Could you guide me to upgrade my spark version in my local machine. I would want to run on hadoop 2.7 with hive 1.2.1(metastore in mysql).
I was using the old spark version 1.5 and would like to upgrade to newer one 2.0. I have downloaded the binary file 'spark-2.0.0-bin-hadoop2.7.tgz' and tar'ed it.
I have added in the spark-env - HADOOP_HOME, HADOOP_CONF_DIR. SPARK_CLASSPATH points to mysql-connector jar file. In spark-default added spark.sql.warehouse.dir, spark.sql.hive.metastore.version and spark.sql.hive.metastore.jars.

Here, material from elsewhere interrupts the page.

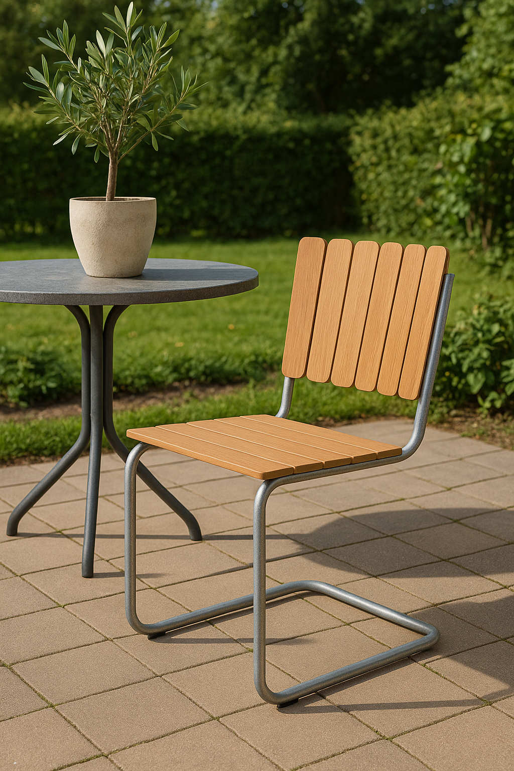 Möllan är en exklusiv serie i skandinavisk klassisk design. Utegruppen är tillverkad i galvaniserat stål med massivt oljat teakträ. Detta gör utegruppen väderbeständig och tålig för att klara uteplatsens miljö.

I have modified the .bashrc file. when I start hive I get the below message:
cannot access /opt/spark-2.0.0-bin-hadoop2.7/lib/spark-assembly-*.jar:
No such file or directory
I did not build the spark since its binary version. However, my older version has spark-assembly jar file but could not the same in spark2.0 jar directory. Do I need to have this jar file?

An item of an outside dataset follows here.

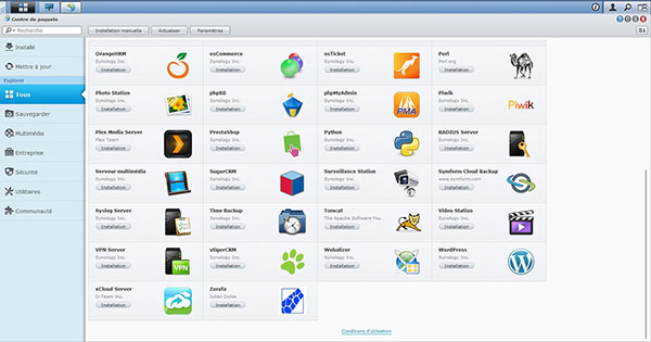 DSM, à la façon d’un Ubuntu ou d’un Google Play intègre un gestionnaire d’applications qui, si le NAS est relié à internet, vous permet de télécharger et d’installer une multitude de paquets, permettant encore d’étendre les capacités de l’appareil.

I have copied `hive-site.xml to the conf directory. Also, running sql query in pyspark throws the below error:
Database at /home/revathy/metastore_db has an incompatible
format with the current version of the software. The database
was created by or upgraded by version 10.11.
My metastore version is 1.2.1(and is specified in spark-default)
Could not find details on connecting hive metastore on spark 2.0
Could someone help. From pyspark, I was able to read a file in hadoop and Hive is working fine(checked in cli).
Please provide link/details on configuring hive metastore(mysql) on spark.